I met with Sven Herzog who has been team’s Strength and Conditioning coach for four years. He was a former sub-elite runner and got his Degree In Germany and Canada.



In German championship games are played two times per week—on Friday and Sunday. This pattern demands short tactical training and recovery procedures on Saturday whereas Monday is a day off.

Hockey match consists of three 20 min periods. Usually player has approximately ten 45-sec shifts on the ice during one period.  Work to rest ratio  approximates 1:2. During single 45-sec shift players are involved in tackles, collisions, short sprints, accelerations, and decelerations. However a significant part of the 45-sec bout they spend in “tactical” skating.

It is necessary to note that every player is wearing special sensor during the game which allows Sven to collect information about a physical load. This includes overall time and distance on ice, sprints, accelerations and decelerations, impacts and power output.



Sven builds his conditioning training mostly on bikes. These sessions typically mimic game load with respect to time intervals and power output.

He does not like machines and uses mostly free weights for strength training. Sven prefers small repetitions numbers: not more than 5 and around 80% of RM. He considers this pattern of strength training as more useful for ice-hockey.
Sven pays considerable attention to the speed of lifting. For that, he measures bar velocity and uses velocity based training methods in weightlifting (for velocity-based training information look here).

Basic exercises

Different variations of squats, lunges, pulls and deadlifts are used. Though Sven doesn’t chase high absolute values for lifting, he considers achieving personal best of 1.5 bodyweight in the back squat and 2 bodyweight in deadlift as a norm.

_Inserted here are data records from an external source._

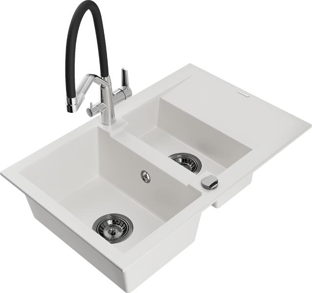 Tomas konyhai mosogató: Gyártó: Mexen Sorozat: Tomas Modell: 2-kamrás csepptálca nélkül Beépítés: felülről a munkalapba süllyesztve Hossz: 800 mm Szélesség: 500 mm Magasság: 190 mm Kamra mélysége: 180 mm (nagyobb), 180 mm (kisebb) Kamra mérete: 440x387 mm (nagyobb), 370x303 mm (kisebb) A lefolyó átmérője: Ø 90 mm Szifon + automatikus leeresztő csavar Anyaga: gránit (80% g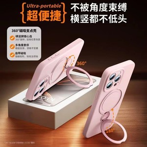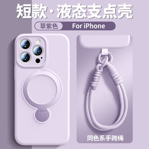 iPhone16に適した新しい回転磁気ホルダー、ストラップ付きの細かい穴の液体シリコン携帯電話ケース、Apple 13保護ケース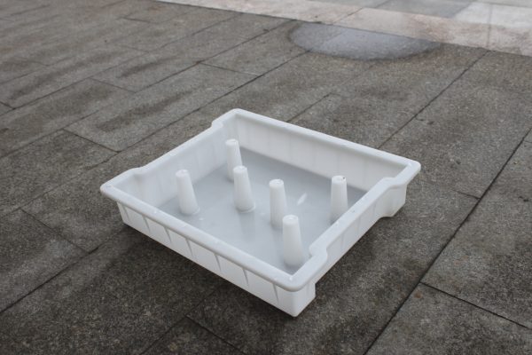 此款邊溝蓋板塑料模具采用塑料聚丙烯注塑加工而成,二端以缺口設(shè)計(jì),方便后期對(duì)于邊溝部分區(qū)域是否堵塞情況。而在蓋板塑料模具的內(nèi)部共設(shè)置了六個(gè)塑料堵頭,實(shí)際上就是水泥蓋板成品上的六個(gè)下水孔。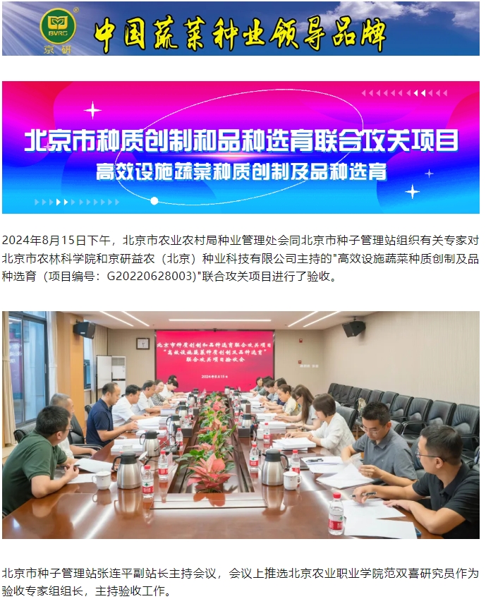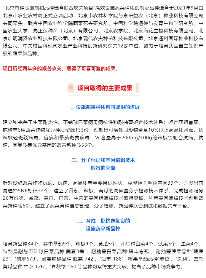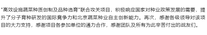 北京市農林科學院與京研種業,將再接再厲以創制和培育更多優質、多抗、豐產的蔬菜品種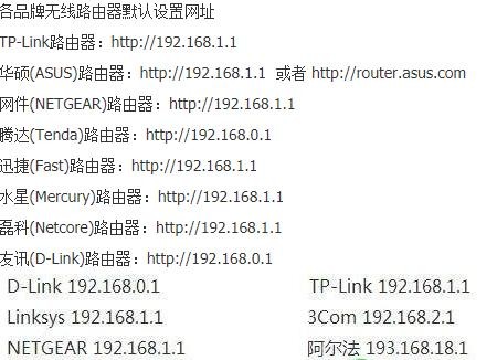 各品牌无线路由器网址大全 管理ip地址多少?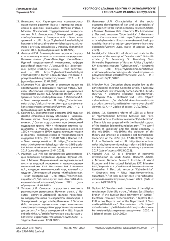 Golamreza A.N. Characteristics of the socio-economic development of Iran and the principles of management in the Iranian economy. Research Article. / Moscow: Moscow State University. M.V. Lomonosov / Electronic resource “CyberLeninka”. / Golamreza A.N. - Electronic text - URL: https://cyberleninka.ru/article/n/harakteristiki-sotsialno-ekonomicheskogo-razvitiya-irana-i-printsipy-upravleniya-v-iranskoy-ekonomike/viewer: 2018. (Date of access: 12.04. 2022).

A specific training programme is designed to tackle typical for hockey players misbalances. For example, players have a disproportional development of muscles on a side where they hold a hockey stick and excessive anterior pelvic tilt due to a specificity of skating.
Sven actively uses elastic bands for these exercises.

Significant attention is paid to posture, deep muscles activation, and pelvic floor muscles.

Breathing technic is used as a method of relaxation after the game and a method for deep muscles activation (e.g.diaphragm).

Sven tries to include a plyometric session at least once a week.

He considers training principles for designing Strength and Conditioning programme simple:

Identify sport-specific demands.
Identify potential problems.
Try to compensate disbalances.



As is customary in an elite team, players receive meal immediately after training and games. Athletes commonly use cold bath after games (15 degrees 5 min ).
Sven differentiates recovery procedure for players depending on the game’s load:
Players who did not play or played small part of the game perform match-imitation exercise on a bike.
Players who played a full game have a cold bath followed by rolling foam massage and stretching. Additionally, Sven gives breathing exercises for relaxation. “Hockey game is a real battle, breathing helps to recover player’s body and mind.”



Monitoring can be divided on three categories: External, physiological and psychological.

Sven collected information about rolling average workload for few weeks from wearable sensors, and he tries that acute training load do not to exceed  significantly this average values. Especially it is essential for players who are coming back from the injuries. He uses special software which warns him about excessive training load for a particular player.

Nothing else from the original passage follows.